USB Interrupt Transfers are a transmission method in the USB protocol designed specifically for low data volume, periodic, and real-time requirement scenarios. They are mainly used for devices to actively report status changes or send small batches of data to the host, balancing response speed and reliability. The following is a detailed explanation from aspects such as core functions, transmission characteristics, workflow, and application scenarios:
I. Core Functions
The core of interrupt transfers is to realize the “active notification” from the device to the host, which is suitable for scenarios where device status changes are not frequent but require timely response from the host, such as:
- Events of input devices (keyboards, mice) like key presses/movement;
- Value updates of sensors (temperature, humidity);
- Status feedback of small control devices (gamepads, scanners).

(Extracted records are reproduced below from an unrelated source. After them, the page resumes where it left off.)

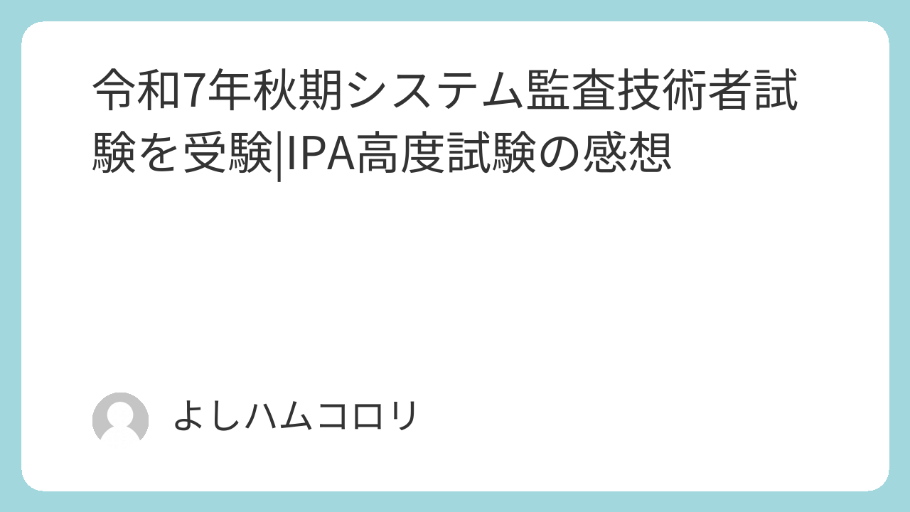 記事を開いていただきありがとうございます。熊本で25年以上ITエンジニアをしているよしハムコロリと申します。2025年10月12日にIPAのシステム監査技術者試験(AU)を受けてきました。受験された皆様お疲れ様でした。悲しくも当日の公式解答で自己採点をした結果、午前Ⅱ試験が48点で敗退でした…。
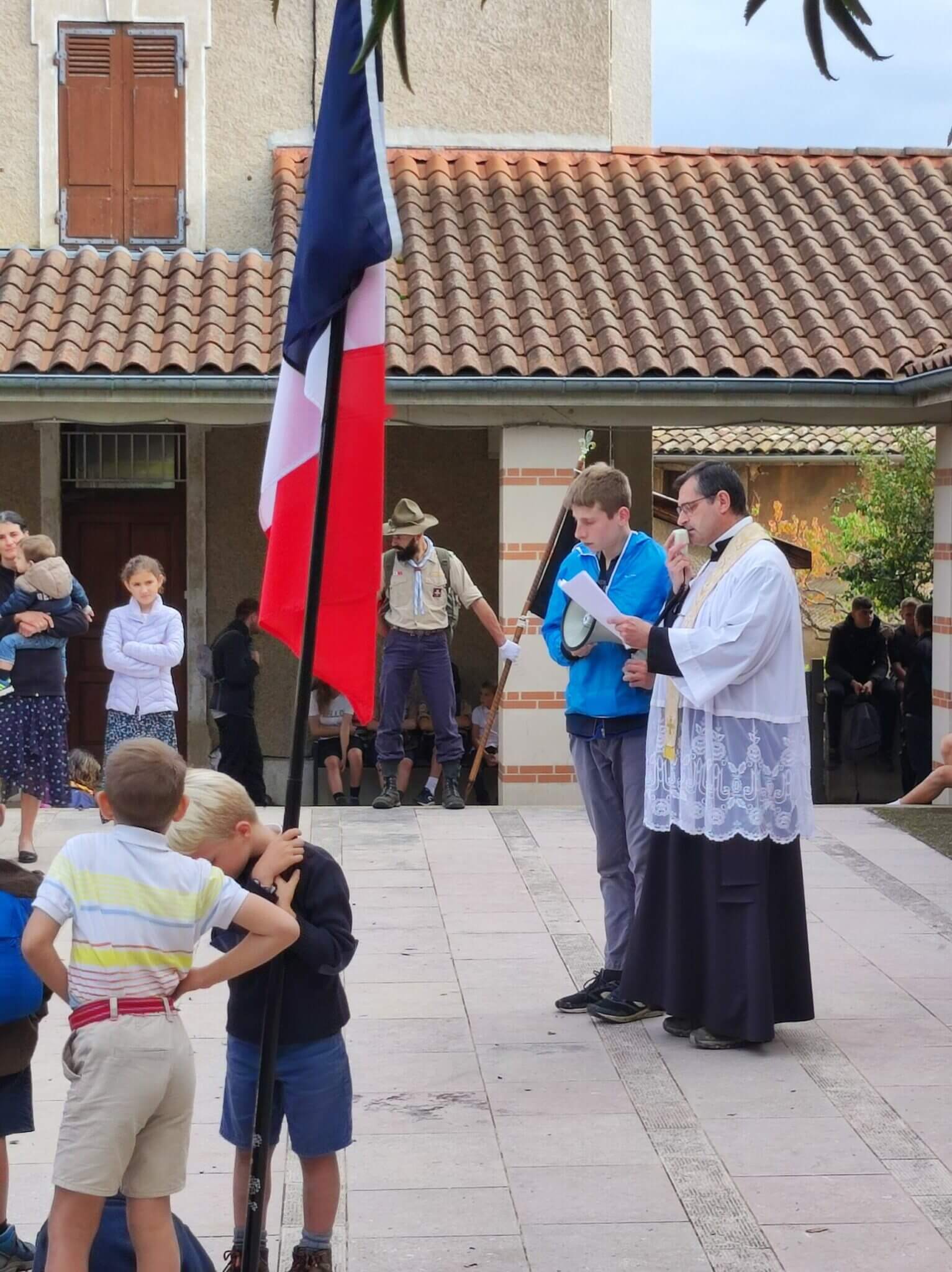 La halte du déjeuner se fit à Sainte-Olive. Plusieurs pèlerins nous rejoignirent pour les derniers kilomètres. Nous arrivâmes à Ars vers 16h30. Le Recteur nous avait accordé la permission de finir notre pèlerinage dans la basilique par un temps de prière mais en nous interdisant la moindre « prédication même petite à l’intérieur de la Basilique ». Nous nous rassemblâmes donc sur les gradins qui accueillent les pèlerins à l’extérieur devant le magasin du sanctuaire. Un prêtre de l’école y commença sa prédication devant environ 120 de nos fidèles, dont de nombreux enfants. Il cita les propos récents de Mgr Schneider sur la Fraternité Sacerdotale Saint Pie X, propos manifestant que nous sommes parfaitement catholiques.
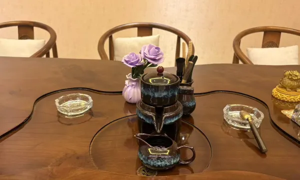 在路边看到这家酒店就进来问了问价格,合适就住啦,酒店坐标很明显捏,一栋大楼立于红绿灯交叉口,十分好找,酒店对面就是一条商业街呢,吃饭呀、超市呀应有尽有,步行几分钟就能到达呀。挺方便的,酒店的大厅环境很好,还配备了医药箱,免费下午茶。酒店一楼还有一个茶室也可以当作小型会议室,问过前台入住客人是可以免费使用的,正好给我们提供了一个安静私密的小空间,这边墙上的摆件都好有设计感,改天找老板要个链接哈哈,桌上还有专门的茶具和茶包,可以自己沏茶,来这里商务洽谈也是个不错的选择呢。

II. Transmission Characteristics
- Small data volume: The amount of data transmitted in a single transfer usually does not exceed the maximum packet length of the endpoint (≤8 bytes for low-speed devices, ≤64 bytes for full-speed devices, ≤1024 bytes for high-speed devices), to complete interactions quickly.
- Periodic triggering: The host and the device agree on a fixed polling interval (e.g., 10ms, 20ms). The host actively queries the device at intervals to check if there is data to transmit, ensuring real-time performance.

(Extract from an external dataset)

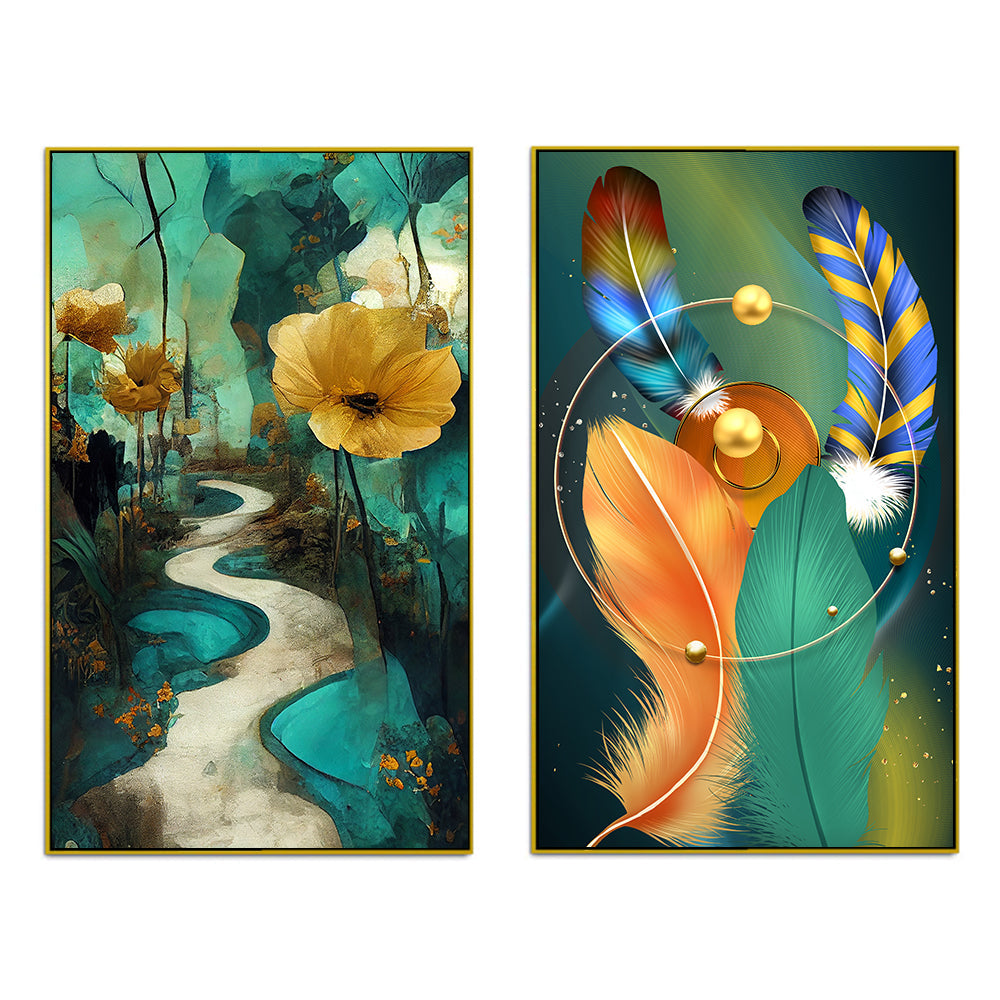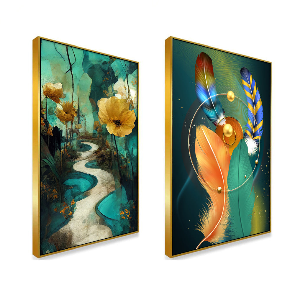 Contemporary Golden Floral Canvas Wall Painting Two Pieces

- Reliability guarantee: It adopts error detection and retransmission mechanisms (similar to control transfers). If data transmission fails, the host will retry during the next query to avoid data loss.
- Mainly unidirectional: Usually device→host (input), and in a few scenarios, it supports host→device (output, such as feedback of control commands).
- Medium priority: Higher than bulk transfers (no real-time requirements) and lower than isochronous transfers (high real-time requirements, such as audio/video).
III. Endpoints and Configuration
Interrupt transfers rely on the device’s Interrupt Endpoint, which needs to be pre-configured with the following key parameters:
- Polling Interval: The time period (in ms) at which the host queries the device. A smaller interval means a faster response speed (but occupies more bus bandwidth). For example:
- The interval for keyboards/mice is usually 10ms (the host queries once every 10ms);
- The interval for sensors can be set to 100ms (adjusted according to the data update frequency).
- Max Packet Size: The maximum amount of data supported by the endpoint in a single transfer, defined by the device according to its own needs (e.g., the mouse endpoint is set to 4 bytes, which is sufficient to store coordinate changes).
IV. Workflow
- Initialization configuration: During device enumeration, the device declares parameters such as the polling interval and maximum packet length of the interrupt endpoint to the host through control transfers, and the host records and saves these parameters.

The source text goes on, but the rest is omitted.